Страница 4 из 19
– А я так думаю, что тебе храбрости потребуется больше моего. Будь готова услышать вещи не только необыкновенные, но даже страшные.
– Тем лучше, тем лучше, крестный. Я обожаю все «страшное» и «таинственное», что бросает в дрожь, – ответила Надя.
Она сбегала за вышиванием и уселась затем подле адмирала, который задумчиво перелистывал принесенную с собой толстую тетрадь. Наконец адмирал захлопнул рукопись и, после некоторого молчания, начал:
– Тому, что я буду вам описывать, друзья мои, минуло четверть века. В ту пору я был юным офицером. Должен пояснить, что со мной вместе был произведен мой лучший друг Вячеслав Тураев, которого я любил, как брата, да и действительно считал таковым. Мы воспитывались вместе; отец его был моим опекуном, а его мать, после одновременной почти смерти моих родителей, приняла меня под свое покровительство и окружила такой любовью, что я никогда не чувствовал себя сиротой. Счастливые и гордые нашим офицерством, мы совместно обсуждали план заграничного путешествия, когда получено было письмо от Петра Петровича, пригласившего нас провести у него в Горках наш отпуск. Вместе с тем, он писал, что взял из института свою единственную дочь, Марусю, и потому надеялся, что молодежь у него не соскучится. Петр Петрович был старым другом нашей семьи, и мы еще в детстве неоднократно бывали у него, а потому его приглашение нас очень обрадовало. В гостеприимном доме Хонина всегда было весело, а потому все прочие планы были оставлены и через несколько дней мы выехали в Горки. Петр Петрович был вдов и всю свою любовь отдал Марусе, которая вполне заслуживала, впрочем, страстное обожание отца не только своей красотой, но и своим превосходным, мягким характером. Не прошло и недели, как мы оба были без ума от обаятельной девушки и ухаживали за ней напропалую. Но скоро, к великому моему сожалению, я заметил, что пальма первенства отдавалась моему другу. Маруся была чересчур откровенна и неиспорченна, чтобы хитрить и скрывать свое предпочтение. Недели через три Тураев сделал предложение, а Маруся объявила отцу, что никогда не выйдет ни за кого другого, как за Вячеслава, и Петр Петрович благодушно принял предложение. Да и в самом деле, что можно было сказать против такого жениха? Вячеслав был богат, независим, хорош собой и чудного нрава. Впрочем, Петр Петрович поставил условием, чтобы Вячеслав бросил морскую службу.

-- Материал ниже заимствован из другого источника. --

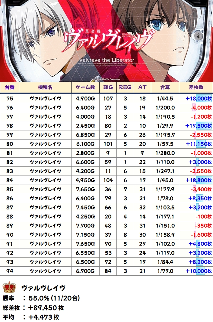 【全台系濃厚】ヴァルヴレイヴ(11/20台+)→平均+4,473枚
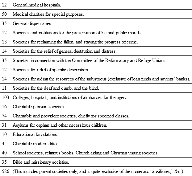 Associations for the voluntary relief of distress, the reclamation of the criminal, and diffusion of Christian truth, are a noble characteristic of the English people. There is no city in the world possessing an equal number of charitable institutions to those of the British capital. Taking the whole of London, and not exempting, from their distance, such as may be correctly classed as metropolitan institutions, as Greenwich Hospital, &c., we find there are no less than 526 charitable institutions, exclusive of mere local endowments and trusts, parochial and local schools, &c.

– Я не желаю, чтобы у моей дочери всегда были глаза заплаканы, или нервные припадки при каждой буре, пока вы там будете бродить вокруг света, – объявил он.
И Маруся поддержала отца.
– Я не могу вверять мое счастье лукавым волнам океана, – с любящим взглядом сказала она, пожимая руку Вячеслава.
Ну, а мой приятель был слишком влюблен, чтобы противиться, и признался со смехом, что готов быть хоть сапожником, лишь бы жениться на Марусе. Для меня же настало тяжелое время. Это было первое мучительное испытание в жизни. Сердце и самолюбие были одинаково уязвлены, и только гордость давала силу скрывать свое поражение.
А жизнь в Горках текла весело. Ежедневно совершались поездки в окрестности; между прочим, мы посетили дом на острове, прозванный в народе «Чертовым гнездом».
– И что же, какое он произвел на вас всех впечатление? – перебила Надя, со страхом и любопытством слушавшая его.
– Дом каменный, в готическом стиле, с тремя башенками, островерхие крыши которого видны отсюда из зелени, – ответил адмирал. – Все здание серого, почти черного цвета, с узкими окнами. Массивный подъезд производит сразу мрачное впечатление, а окружающие деревья дают густую тень и еще более усиливают жуткое чувство, по крайней мере летом, – прибавил Иван Андреевич. – Но я возвращаюсь к моему рассказу.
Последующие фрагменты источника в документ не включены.